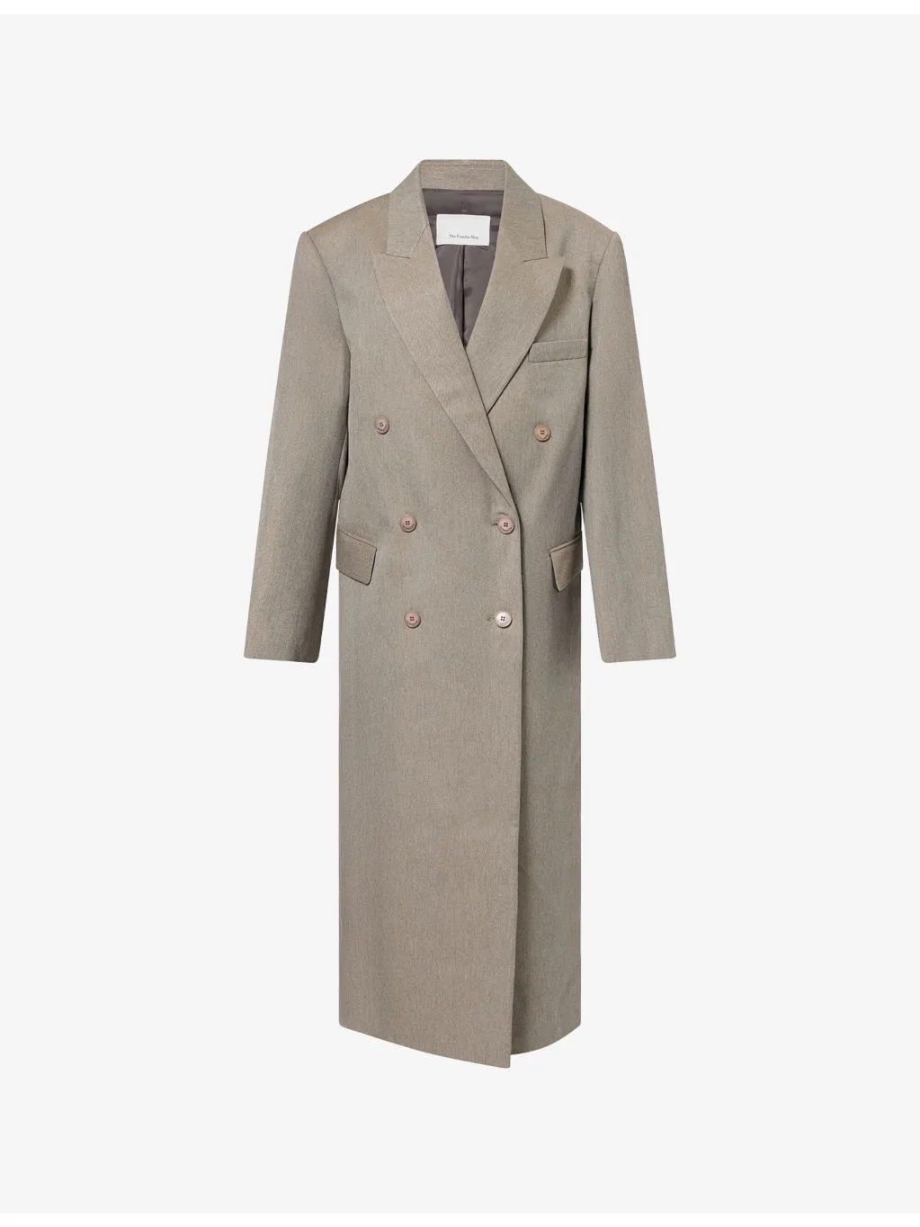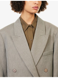 PRODUCT DETAILS - The Frankie Shop woven coat - 66% viscose, 24% polyester, 10% wool - Button fastening at front - Regular fit, peak lapels, padded shoulders, long sleeves, buttoned cuffs, welt pocket at chest, flap pockets at front, single vent at back, fully lined - Dry clean - Made in France - True to size - Size small: length 52.5in / 133.5cm - Model is 5ft 11in/1.80m and wears a size small - Midweight, non-stretch Ref: R04546986
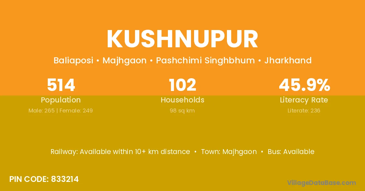 According to Census 2011 information, the village code of Kushnupur village is 833214.
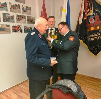 In Würdigung besonderer Verdienste im Brandschutz wurde dem Kameraden Oberbrandmeister Georg Schliwa für 60jährige treue Pflichterfüllung das Ehrenzeichen am Bande des Landes Mecklenburg-Vorpommern mit entsprechender Urkunde verliehen.
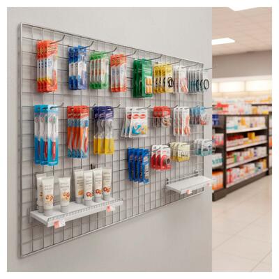 Erleben Sie erstklassige Spitzenqualität mit unseren verchromten Wandgitter. Hergestellt aus robustem Stahl mit glänzender Chromoberfläche, überzeugen sie durch Stabilität, eine hohe Tragkraft und Vielseitigkeit im Einsatz. Das Ladenbau-Gitter besteht aus einem 4 mm Draht mit einer praktischen Maschenweite von 50 x 50 mm. Diese Maschenweite ermöglicht die einfache Anbringung verschiedenster Zubehörteile wie Haken, Böden und Körbe und eignet sich hervorragend für Ausstellungen, Messen, Ladenverkauf, Handwerk und Büros – sowohl im Innen- als auch im Außenbereich. Die edle Chromoptik wertet jede Präsentation zusätzlich auf.

----

Your answer must be the exact lines from the start of the data through the line with "According to Census", inclusive, and nothing else; pictures do not belong in it.

WORKED SOLUTION
 PRODUCT DETAILS - The Frankie Shop woven coat - 66% viscose, 24% polyester, 10% wool - Button fastening at front - Regular fit, peak lapels, padded shoulders, long sleeves, buttoned cuffs, welt pocket at chest, flap pockets at front, single vent at back, fully lined - Dry clean - Made in France - True to size - Size small: length 52.5in / 133.5cm - Model is 5ft 11in/1.80m and wears a size small - Midweight, non-stretch Ref: R04546986
 According to Census 2011 information, the village code of Kushnupur village is 833214.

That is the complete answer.